— TASK TO COMPLETE —
Although the data below contains pictures, output only the lines between those holding "車ドア用LED警告灯(同色)4個セット LEDライト 警告灯" and "50 ft - answer", inclusive, exactly and without those pictures.

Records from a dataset
------------------------------------

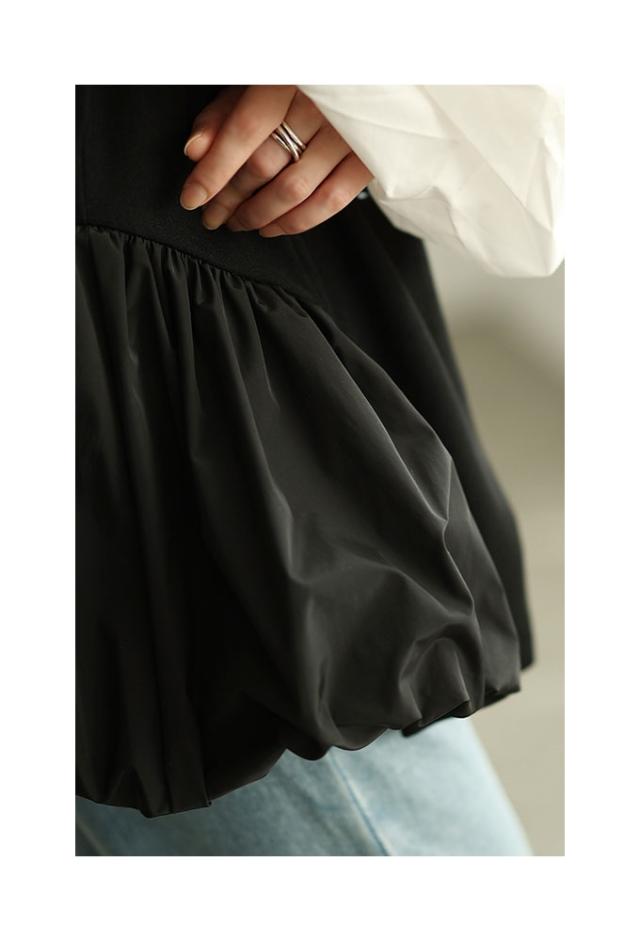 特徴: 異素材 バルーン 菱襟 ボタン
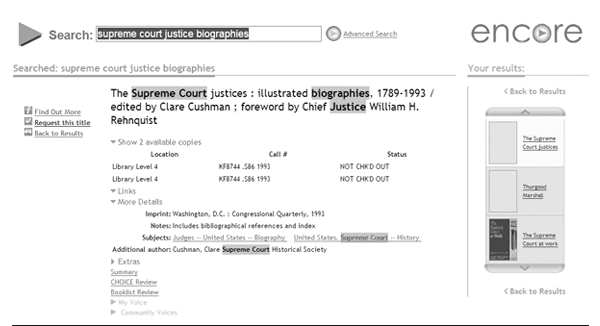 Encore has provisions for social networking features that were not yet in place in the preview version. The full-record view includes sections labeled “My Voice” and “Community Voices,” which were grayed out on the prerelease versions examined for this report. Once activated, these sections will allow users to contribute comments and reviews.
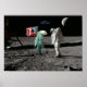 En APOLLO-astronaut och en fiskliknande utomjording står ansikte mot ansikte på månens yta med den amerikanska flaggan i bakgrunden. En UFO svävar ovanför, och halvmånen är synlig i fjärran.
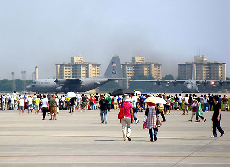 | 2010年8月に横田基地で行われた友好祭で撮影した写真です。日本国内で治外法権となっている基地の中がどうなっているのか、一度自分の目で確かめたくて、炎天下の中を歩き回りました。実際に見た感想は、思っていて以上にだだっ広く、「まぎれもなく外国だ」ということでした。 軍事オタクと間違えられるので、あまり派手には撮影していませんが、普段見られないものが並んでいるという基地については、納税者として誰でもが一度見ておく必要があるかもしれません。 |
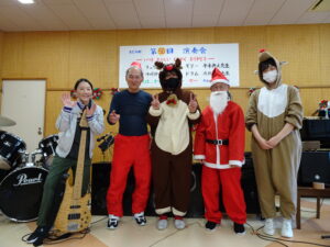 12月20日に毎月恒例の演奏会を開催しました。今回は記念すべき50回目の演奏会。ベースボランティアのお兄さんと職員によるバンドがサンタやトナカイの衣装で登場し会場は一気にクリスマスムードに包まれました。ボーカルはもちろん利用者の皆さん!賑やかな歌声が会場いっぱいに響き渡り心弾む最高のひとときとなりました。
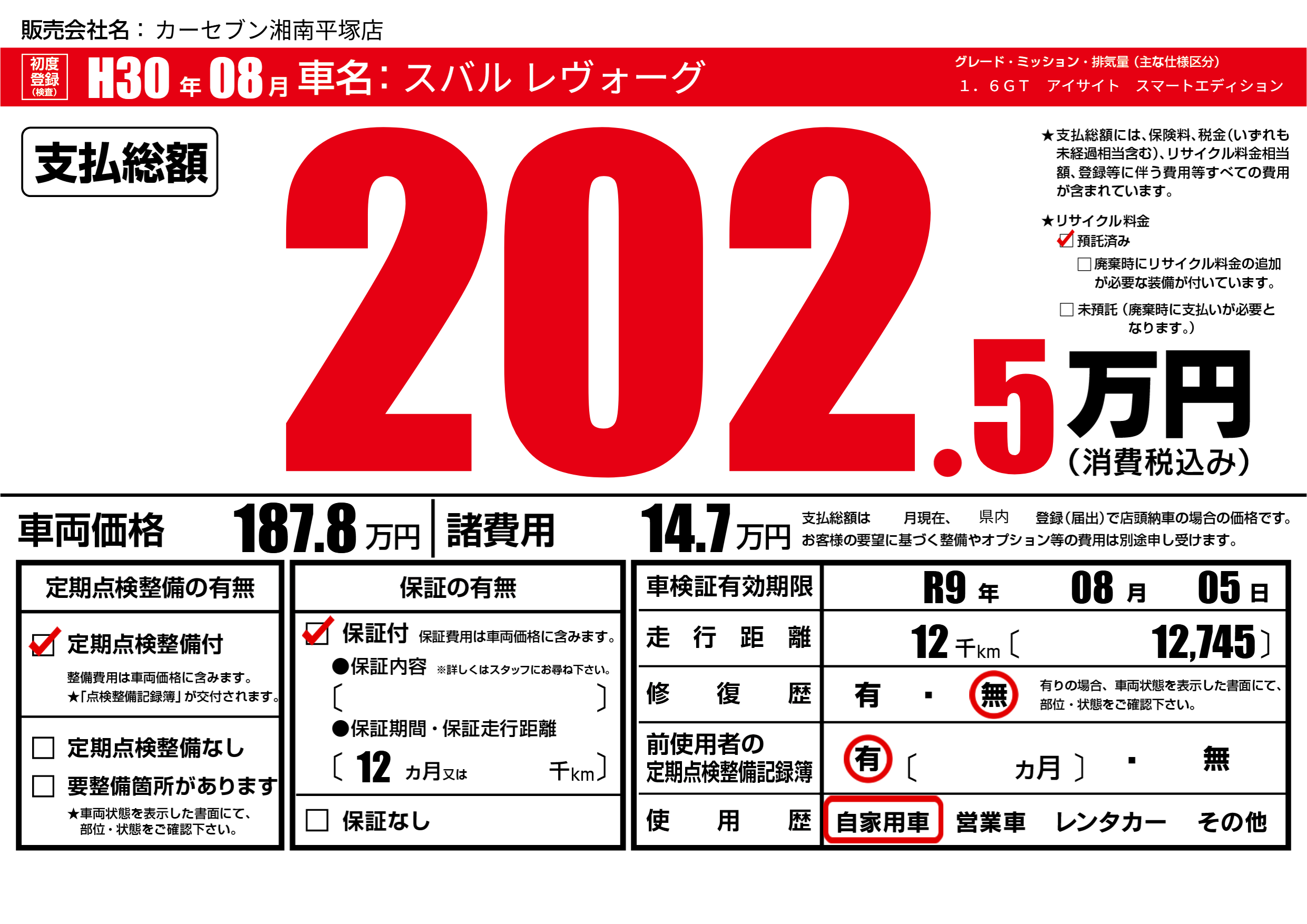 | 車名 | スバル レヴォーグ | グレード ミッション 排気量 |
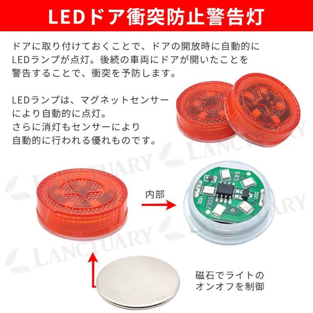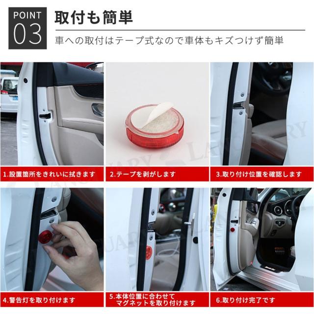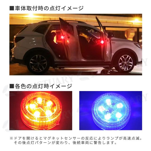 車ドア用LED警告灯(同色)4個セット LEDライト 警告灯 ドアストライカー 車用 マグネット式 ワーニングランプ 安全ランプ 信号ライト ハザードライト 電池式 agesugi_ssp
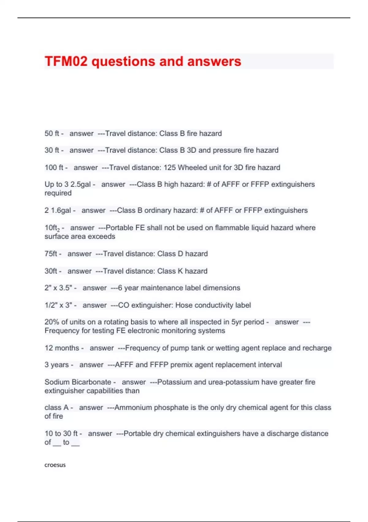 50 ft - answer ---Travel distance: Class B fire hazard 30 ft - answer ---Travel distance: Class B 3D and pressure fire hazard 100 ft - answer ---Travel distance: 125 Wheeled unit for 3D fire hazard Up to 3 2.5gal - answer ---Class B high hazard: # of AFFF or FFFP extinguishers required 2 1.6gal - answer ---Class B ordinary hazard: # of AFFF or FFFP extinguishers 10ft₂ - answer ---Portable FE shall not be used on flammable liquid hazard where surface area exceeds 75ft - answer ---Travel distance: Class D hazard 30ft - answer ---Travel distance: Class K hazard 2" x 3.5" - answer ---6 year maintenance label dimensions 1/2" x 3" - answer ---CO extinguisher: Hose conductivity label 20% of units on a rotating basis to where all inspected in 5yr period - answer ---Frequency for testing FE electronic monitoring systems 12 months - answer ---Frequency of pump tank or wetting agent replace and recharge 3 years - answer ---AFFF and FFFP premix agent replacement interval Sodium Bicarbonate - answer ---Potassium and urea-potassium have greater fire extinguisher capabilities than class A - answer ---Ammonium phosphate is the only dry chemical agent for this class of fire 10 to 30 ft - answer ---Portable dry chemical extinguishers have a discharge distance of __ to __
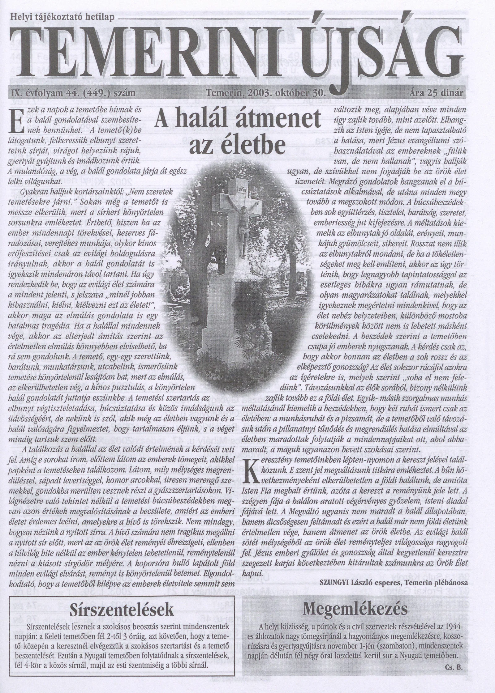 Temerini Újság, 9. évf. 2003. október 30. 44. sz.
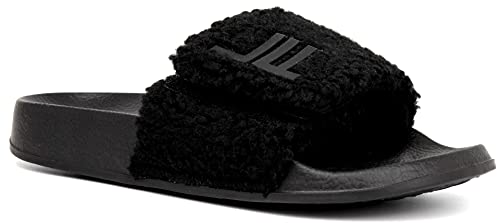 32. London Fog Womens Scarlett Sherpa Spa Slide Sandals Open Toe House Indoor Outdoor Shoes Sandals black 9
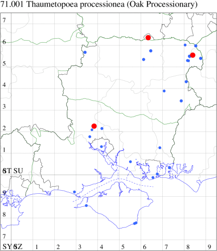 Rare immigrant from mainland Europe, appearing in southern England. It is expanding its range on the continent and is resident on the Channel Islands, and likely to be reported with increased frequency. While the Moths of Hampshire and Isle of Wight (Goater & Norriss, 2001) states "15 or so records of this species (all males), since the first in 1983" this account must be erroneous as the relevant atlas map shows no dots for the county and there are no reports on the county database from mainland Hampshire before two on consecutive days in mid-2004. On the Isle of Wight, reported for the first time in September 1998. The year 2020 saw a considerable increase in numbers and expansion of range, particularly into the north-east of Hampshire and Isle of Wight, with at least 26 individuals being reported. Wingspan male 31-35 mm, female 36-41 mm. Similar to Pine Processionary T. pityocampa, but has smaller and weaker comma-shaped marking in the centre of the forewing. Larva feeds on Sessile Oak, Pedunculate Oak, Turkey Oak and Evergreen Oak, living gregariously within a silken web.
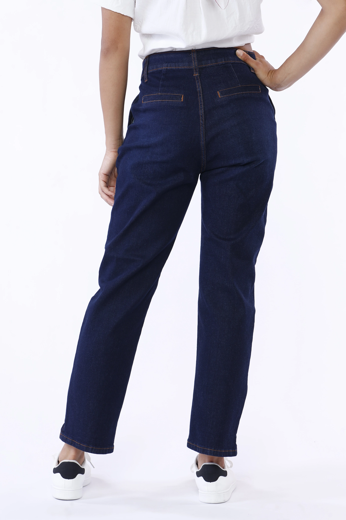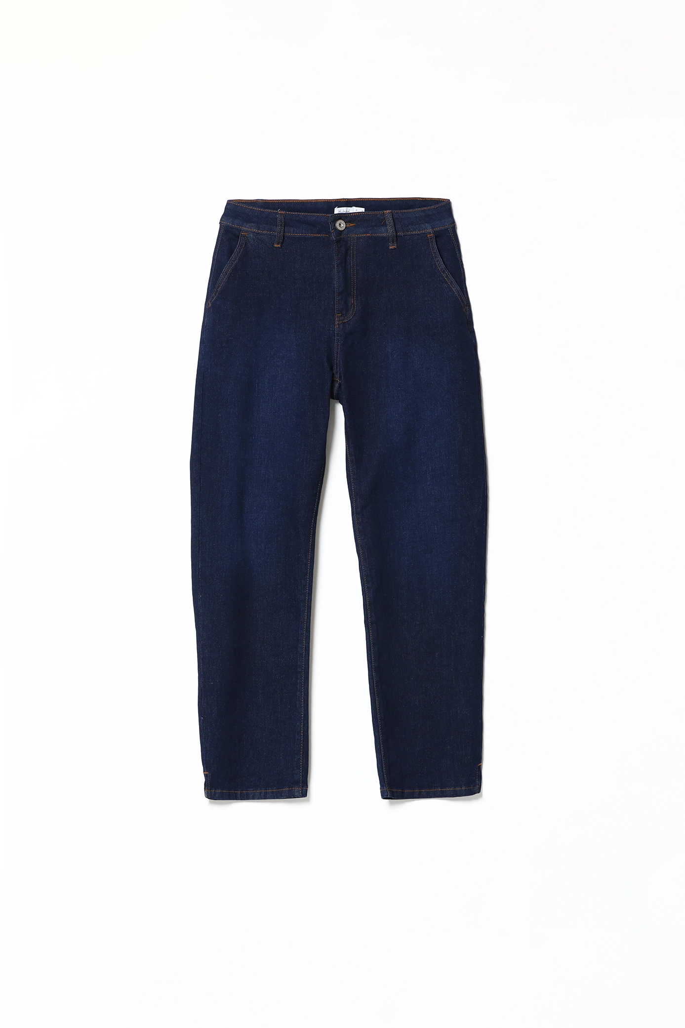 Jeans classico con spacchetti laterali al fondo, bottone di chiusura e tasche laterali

------------------------------------

— RESULT FOR THIS EXERCISE —
 車ドア用LED警告灯(同色)4個セット LEDライト 警告灯 ドアストライカー 車用 マグネット式 ワーニングランプ 安全ランプ 信号ライト ハザードライト 電池式 agesugi_ssp
 50 ft - answer ---Travel distance: Class B fire hazard 30 ft - answer ---Travel distance: Class B 3D and pressure fire hazard 100 ft - answer ---Travel distance: 125 Wheeled unit for 3D fire hazard Up to 3 2.5gal - answer ---Class B high hazard: # of AFFF or FFFP extinguishers required 2 1.6gal - answer ---Class B ordinary hazard: # of AFFF or FFFP extinguishers 10ft₂ - answer ---Portable FE shall not be used on flammable liquid hazard where surface area exceeds 75ft - answer ---Travel distance: Class D hazard 30ft - answer ---Travel distance: Class K hazard 2" x 3.5" - answer ---6 year maintenance label dimensions 1/2" x 3" - answer ---CO extinguisher: Hose conductivity label 20% of units on a rotating basis to where all inspected in 5yr period - answer ---Frequency for testing FE electronic monitoring systems 12 months - answer ---Frequency of pump tank or wetting agent replace and recharge 3 years - answer ---AFFF and FFFP premix agent replacement interval Sodium Bicarbonate - answer ---Potassium and urea-potassium have greater fire extinguisher capabilities than class A - answer ---Ammonium phosphate is the only dry chemical agent for this class of fire 10 to 30 ft - answer ---Portable dry chemical extinguishers have a discharge distance of __ to __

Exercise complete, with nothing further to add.